Use of 3-dimensional surface acquisition to study facial morphology in 5 populations

Kau, C. H., S. Richmond, A. Zhurov, M. Ovsenik, W. Tawfik, P. Borbely, and J. D. English, "Use of 3-dimensional surface acquisition to study facial morphology in 5 populations", American Journal of Orthodontics and Dentofacial Orthopedics, vol. 137, no. 4 SUPPL.: Mosby Inc., pp. S56.e1-S56.e9, 2010.
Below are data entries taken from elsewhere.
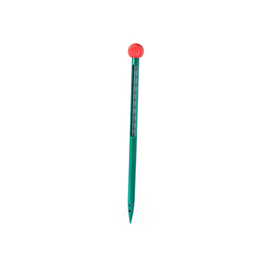 Met een meetsonde om in de grond te steken (6 cm is voldoende) en een analoge afleesschaal.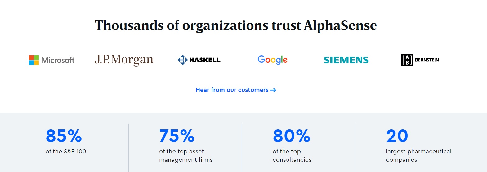 该公司的官网还显示,美股基准股指之一标普100指数中的85家公司是其客户群体,不仅覆盖高盛、摩根大通、富国银行和伯恩斯坦等华尔街金融巨头,也涵盖谷歌、微软和西门子等各行业的顶级领导者,服务各行各业超过4000家企业。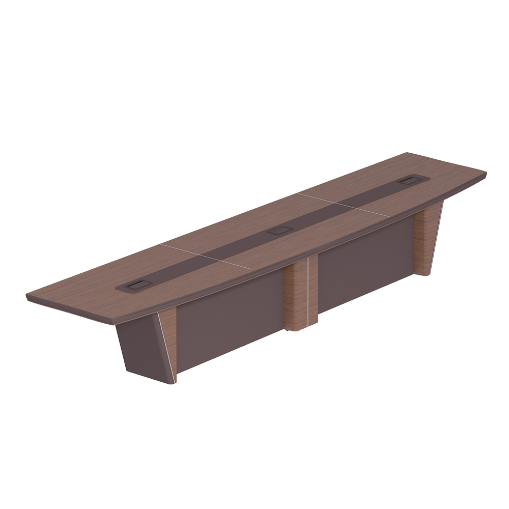 Tоп и опоры дерево; мет. вставка, кромка; внешняя часть опор, фронтальная панель и центр. часть стола в коже; 3 кабель -канала, на 8 мест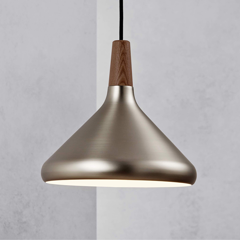 Product Code: 6N78213032 Light source: 1 x E27 60W (max) Materials: Metal and oiled walnut Dimensions: H 270mm x 270mm diameter. Cable length: 3000mm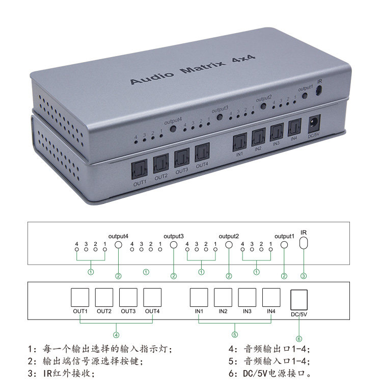 5 1 Original code DTS dubi AC3 digital SPDIF optical fiber audio distributor switcher matrix 4 in 4 out remote control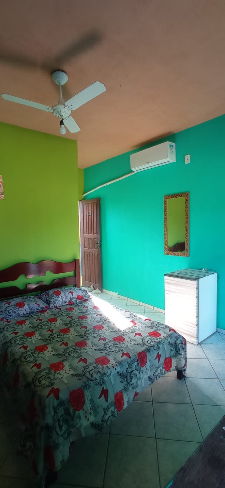 Casa com 2 quartos, sendo 1 suíte, 2 banheiros, apenas 1 chuveiro elétrico, chuveiro no quintal, cozinha equipada e ventilada, vagas para 4 carros, 2 camas casal e um colchão casal extra, 3 ventiladores, não temos ar condicionado, menos de 2 minutos caminhando para praia.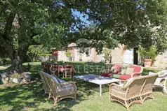 Podere Rancioli — это резиденция необыкновенного очарования, уединённая и аутентичная, расположенная в нетронутом природном окружении, обеспечивающем абсолютную приватность, при этом оставаясь удобной для доступа в любое время года и находясь на небольшом расстоянии от основных сервисов. Близость к знаменитым термам Fonteverde в Сан-Кашано-деи-Баньи придаёт этой эксклюзивной собственности дополнительную ценность.В состав владения входят элегантный главный дом и гостевой дом - общей площадью около 810 кв. м, гармонично вписанные в ландшафт.Старинный дом был тщательно и бережно отреставрирован с целью сохранения его исторической идентичности — с использованием оригинальных материалов и соблюдением традиционных пропорций тосканского сельского дома.Интерьеры, оформленные со сдержанной элегантностью, сохраняют историческую атмосферу, одновременно предлагая все современные удобства.Основное здание площадью около 700 кв. м расположено на двух уровнях. Первый этаж включает тёплые и располагающие к общению пространства: просторную полностью оборудованную кухню, столовую, изысканную гостиную-библиотеку с камином, уютную отдельную ТВ-комнату, а также две просторные спальни с ванными комнатами en suite. Этаж дополняют помещения с отдельными входами снаружи: прачечная и гардеробная зона, двухкомнатный блок с двумя спальнями и двумя ванными комнатами, дополнительное пространство, которое можно адаптировать по своему усмотрению, а также старинная дровяная печь. Сердцем резиденции является очаровательный внутренний дворик — мощёное патио, защищённое с трёх сторон, идеально подходящее для обедов и ужинов на открытом воздухе в полной приватности, а также способное служить элегантным главным входом в дом.На втором этаже расположены два просторных салона с каминами и четыре элегантные спальни, каждая с собственной ванной комнатой, предназначенные для размещения семьи и гостей в атмосфере абсолютного комфорта и уединения.Гостевой дом площадью около 60 кв. м включает гостиную-столовую, спальню и ванную комнату; в цокольном этаже находится кантина площадью около 50 кв. м.Недвижимость окружена частным парком площадью около 2,7 гектара, ухоженным, но сохранённым в естественном стиле, откуда открываются прекрасные виды на леса и окружающую сельскую местность. Пространство перед домом украшено двумя романтичными перголами с изабеллой и розами, а также великолепными вековыми дубами. Парк дополняют 50 оливковых деревьев и подогреваемая (дровами) купель.Частный бассейн размером 15 x 7 м (глубина 160 см) расположен в уединённой зоне, немного в стороне от дома и идеально интегрирован в природный ландшафт.Продажа недвижимости включает всю находящуюся в ней мебель и оборудование.

Introduction: The aim of this study was to assess the use of 3-dimensional facial averages for determining morphologic differences from various population groups. Methods: We recruited 473 subjects from 5 populations. Three-dimensional images of the subjects were obtained in a reproducible and controlled environment with a commercially available stereo-photogrammetric camera capture system. Minolta VI-900 (Konica Minolta, Tokyo, Japan) and 3dMDface (3dMD LLC, Atlanta, Ga) systems were used. Each image was obtained as a facial mesh and orientated along a triangulated axis. All faces were overlaid, one on top of the other, and a complex mathematical algorithm was performed until average composite faces of 1 man and 1 woman were achieved for each subgroup. These average facial composites were superimposed based on a previously validated superimposition method, and the facial differences were quantified. Results: Distinct facial differences were observed among the groups. The linear differences between surface shells ranged from 0.37 to 1.00 mm for the male groups. The linear differences ranged from 0.28 and 0.87 mm for the women. The color histograms showed that the similarities in facial shells between the subgroups by sex ranged from 26.70% to 70.39% for men and 36.09% to 79.83% for women. The average linear distance from the signed color histograms for the male subgroups ranged from -6.30 to 4.44 mm. The female subgroups ranged from -6.32 to 4.25 mm. Conclusions: Average faces can be efficiently and effectively created from a sample of 3-dimensional faces. Average faces can be used to compare differences in facial morphologies for various populations and sexes. Facial morphologic differences were greatest when totally different ethnic variations were compared. Facial morphologic similarities were present in comparable groups, but there were large variations in concentrated areas of the face. © 2010 American Association of Orthodontists.